A man who acted as an accomplice to a 2011 murder in Ditmas Park will spend 18 years in prison, after a federal judge sentenced the 27-year-old on Dec. 6.
Judge Jed Rakoff handed down the 216-month punishment to Michael Mazur for acting as the lookout during the murder of Joshua Rubin on Oct. 31, 2011 — a case that remained cold for years, and shocked the neighborhood where the victim was a widley-known as a beloved small business owner.
Mazur had pled guilty to one count of Hobbs Act robbery, which implicated him in the murder.
According to prosecutors, the Halloween-night mayhem began when Mazur, along with defendants Gary Robles and Kevin Taylor, plotted to rob Rubin of a pound of marijuana, which he had been selling to help pay for his business, the Whisk Bakery Cafe on Newkirk Avenue.
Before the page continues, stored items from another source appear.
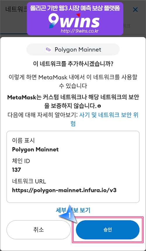 4. "승인" 버튼을 클릭해주시면 폴리곤 네트워크가 추가됩니다. 만약 위의 이미지에서 '인기' 탭에 Polygon Mainnet이 보이지 않는다면 아래 내용을 수동으로 추가해주시면 폴리곤 네트워크를 추가할 수 있습니다.
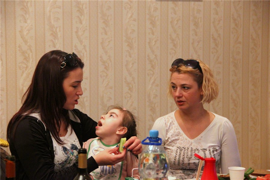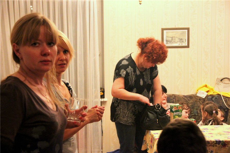 дочка Наташи Гогичаевой (мамы Платона)-ник Жаллочка, далее у дивана с дочкой Лизой Лена Стародубцева, над ними брюнетка Юля Ярушевская, на диване Ира Жданова ник МамаДаши, соответсвенно с Дашей :) на коленях и обнимает Лизу Ярушевскую, далее идет Вовчик Ирчика :) возле Марины Шахновской, у нее на коленях дочка Соня, далее я, возле меня Оля Спирина, мама Гели, за нами Катя Литвинова с Леонардом на руках. на переднем плане Стёпа, сын Наташи - ник elsy-fox - и наша бабочка-Сонечка!
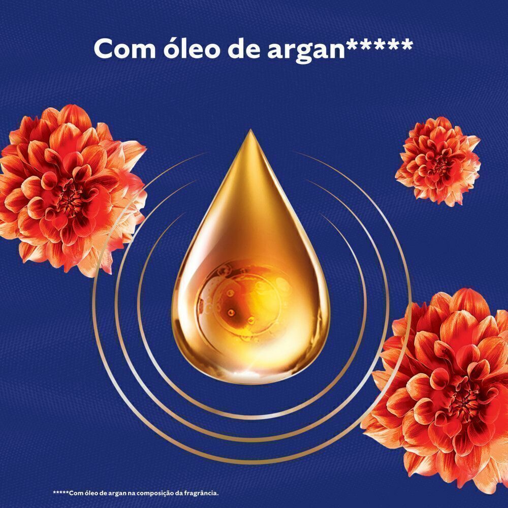 **Teste analítico com 22,5 ml de produto comparado com marca diluída, sem perfume encapsulado do mesmo fabricante. ***Benefícios de tratamento do amaciante obtidos versus roupas lavadas sem amaciante. ****Baseado em testes realizados com odores representativos. *****Com óleo de argan na composição da fragrância.
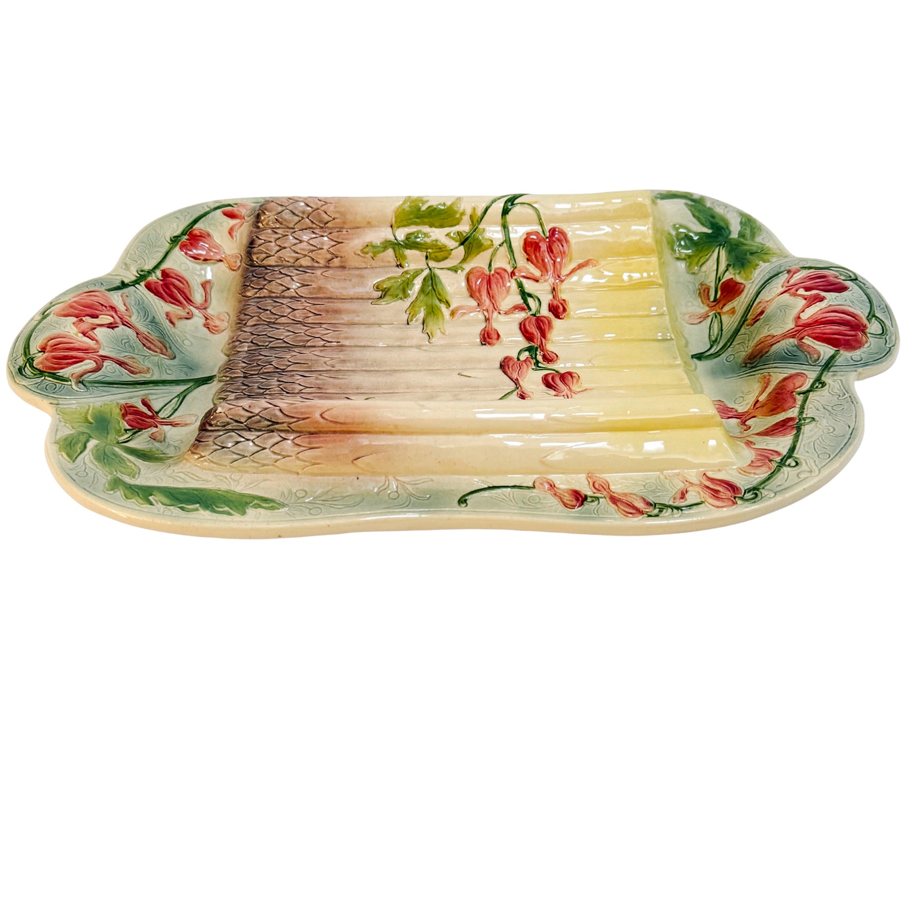 Antique French Majolica Asparagus Serving Platter by St. Clément
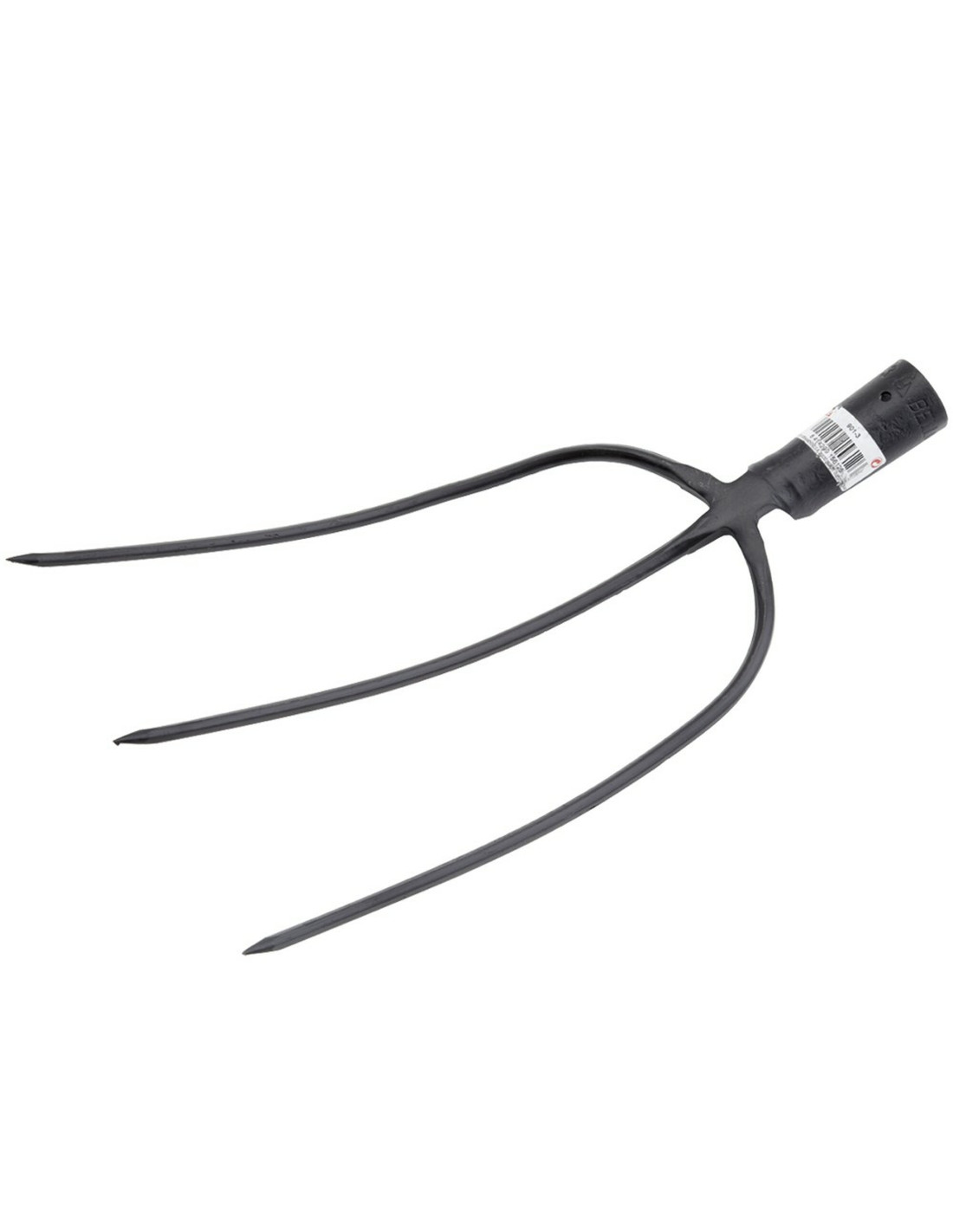 Horca de tres púas fabricada en acero especial y forjada en una sola pieza para recoger heno, estiércol y manipular fardos.
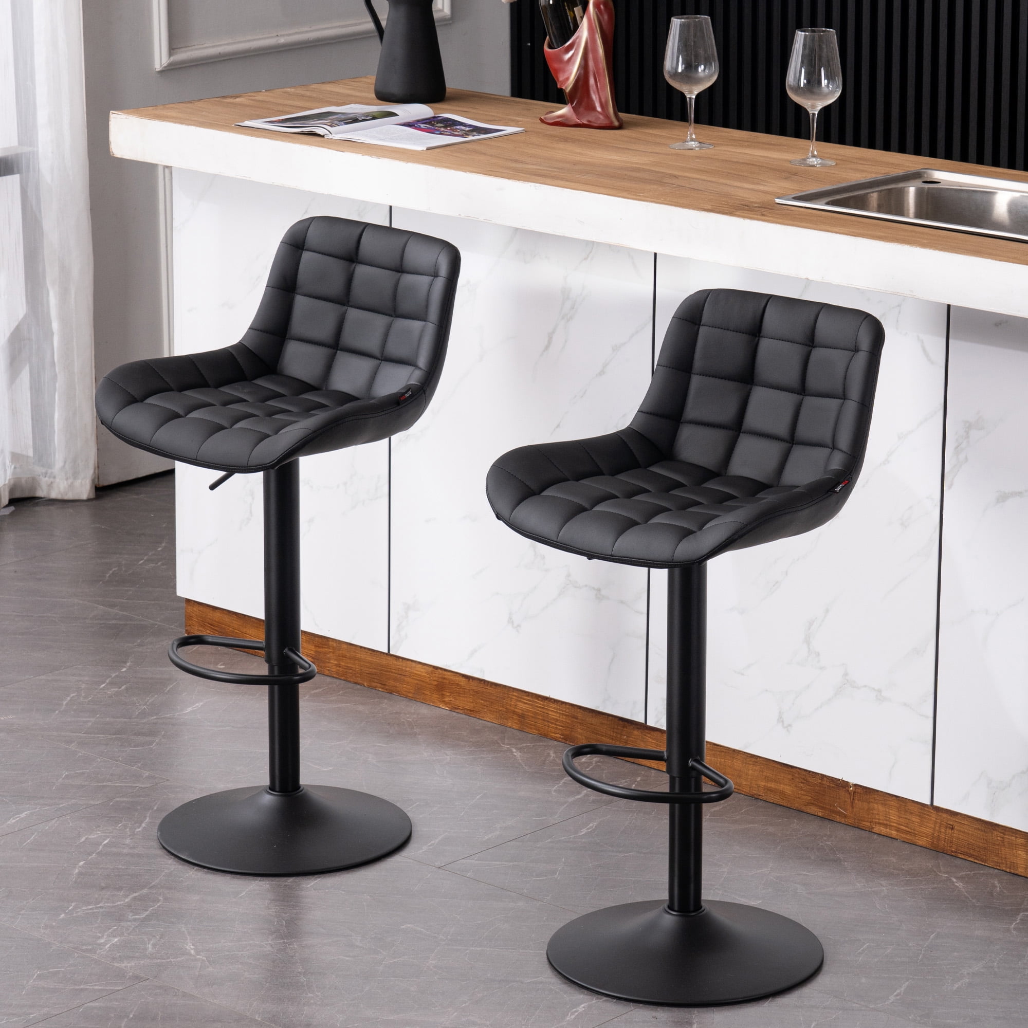 Here are our new and beautiful bar stools that stand out in any dining area. Rubber wood construction for everyday use. The 360-degree swivel seat lets you swing easily. PU surface, filled with high elastic sponge, very soft.. A flared chassis and premium aerobars provide comfort and stability. The transitional design will undoubtedly blend seamlessly with any style of kitchen, basement, game room or bar. It can be assembled in 10 minutes. 2 in 1 set at an affordable price. Don’t hesitate to add them to your cart!

The trio led Rubin to an apartment under the guise of purchasing weed, but, once he arrived, Taylor and Robles brandished a firearm and demanded the victim hand over the drugs. When he refused, the pair shot Rubin — while Mazur waited outside as a getaway driver, according to investigators.
The defendants then drove out to rural Pennsylvania with Rubin’s body, where they dumped him in a garbage can and set him on fire. Rubin’s body was so disfigured that he was not identified until December of that year.
The case shocked Brooklyn and remained cold for years, until federal agents arrested the three suspects in 2020.
Both Taylor and Robles are awaiting sentencing in this case.
Mazur had over 200 pounds of marijuana in his home at the time of his arrest, making him ineligible for bail.
“Michael Mazur participated in the robbery that led to the murder of Joshua Rubin, and then he and his codefendants put Rubin’s body in the trunk of a car, drove it to Pennsylvania, dumped it in a garbage can, and set it afire to cover up the crime,” said United States Attorney Damian Williams. “Thanks to our law enforcement partners and the Special Agents of my Office, Mazur will now serve a lengthy prison sentence for his callous crime.”